The Hypernode hosting platform for Magento is entirely cloud based. Building on top of public infrastructure offers many advantages in terms of scalability and maintenance, but it also presents new challenges, for example a backup system. In this post we describe how we built an efficient, highly durable and highly available backup system that will effortlessly scale with the rest of our platform.
Deciding how to store the data
One of the biggest considerations for designing a backup solution is deciding what software to use and determining the type of storage. A traditional way of storing backups would be to put them on a fileserver. Here at Byte we have large file servers and quite some experience managing them and we’ve used them for backup storage in the past, yet for Hypernode we chose a different route for scalability reasons.
Using managed backup storage space providers offers the benefit of not having to worry about the fileserver yourself. While it’s not hard to manage a file server, you do have to take into account that it will eventually fill up. When that happens, logic needs to be introduced to distribute the data over multiple servers.
An even more scalable solution than a managed file server, would be using object storage. The object abstraction layer, unlike some other storage systems, allows for horizontal scaling. Because we were looking to build a backup system that scales up to thousands of nodes without us having to change a thing, object storage started to look like the best solution.
There are many object store providers out there. You can even build your own if you’d want to with projects like Ceph and Swift. We decided against that because pricing is already competitive enough for it to not be worth the time and a public object store can provide higher peak throughput compared to a smaller own built object store.
Finding the best object storage provider
Now we had to find the best provider. We looked at many providers and selected the three most interesting ones with data centers in Europe based on price. We ended up testing with Amazon and Google. They simply had the best competitive rates at the time and both allowed us to read/write in excess of 500 mbit, which meant that network throughput would not be our bottleneck.
First we implemented Google Cloud storage because they were marginally cheaper at the time, however soon we discovered that account isolation could become a problem. The Google object store did not offer the necessary tooling to isolate credentials as convenient as on AWS. Managing access control was a must have feature for us to isolate the thousands of Hypernode accounts for security reasons alone. Amazon/S3 offered the easiest and most complete and out of the box solution for this with IAM and S3 policies.
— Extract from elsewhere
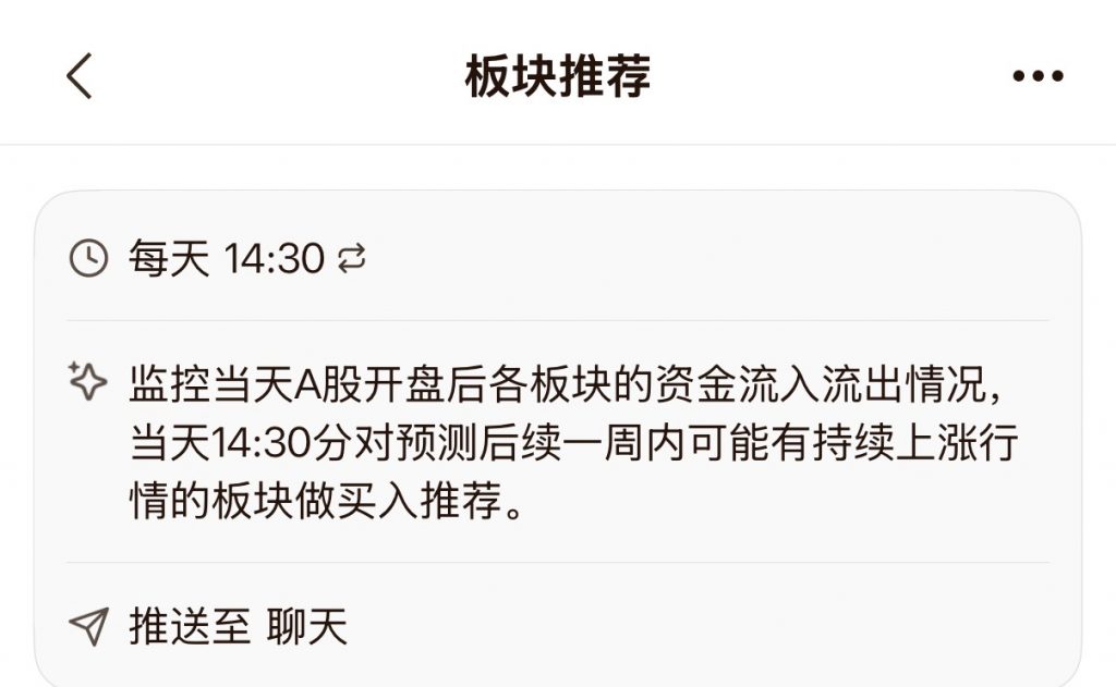 反而是“任务”让我惊喜,尝试让它每天早上给我推送“前一天资金净流入前十ETF”等任务,还挺方便。

We evaluated multiple approaches to push the data to the object store. The first options we looked at were full filesystems based on top of the S3 object store, namely S3FS and S3QL. They appeared as a good fit at first since it would allow to simply rsync data to these mounts. More importantly, it would allow to simply browse through backups as if they were stored locally. S3QL in particular looked promising since it offers both deduplication and incremental snapshots.
After building a couple proof of concepts we discovered that a full restore containing small files using rsync was too slow. Even when parallelizing it with 10 threads, a full restore took too long. Compared to S3QL, S3FS did not really offer anything for us to make backups efficient/incremental.
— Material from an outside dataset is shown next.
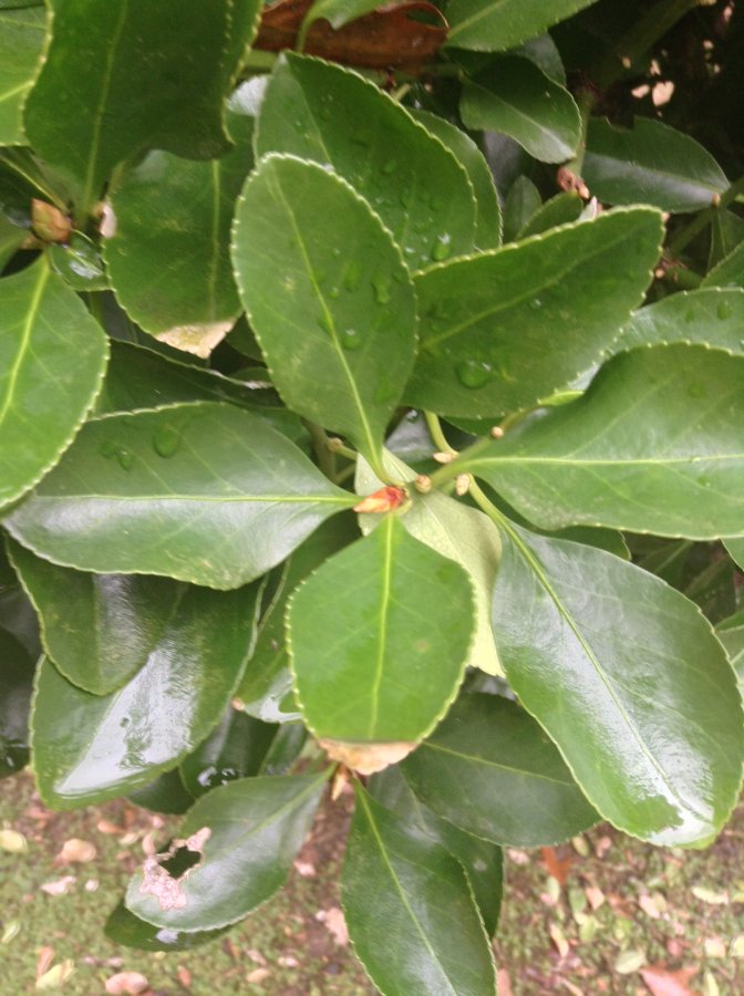 Shrub in our backyard is evergreen, leaves are jagged around edges

Next we compared S3QL to duplicity, which is a backup tool that has been around for a while and supports many storage backends. It supports object stores, ssh and even unconventional storage backends such as imap.
With duplicity full restores were way faster compared to S3QL and on top of that it also allows for incremental backups. Duplicity has one big downside though. It works with backup chains, meaning that all incrementals are based on a full backup. Because we want to keep a daily 30 day retention we have to store multiple full backups to avoid having very long backup chains and the performance penalty/risk associated with it.
The restore performance is what made us choose duplicity. The backup creation process is important, but the restoration process even more so. Duplicity in combination with object storage was the only solution which gave us acceptable restore speed in case of a full restore while maintaining incremental backup functionality.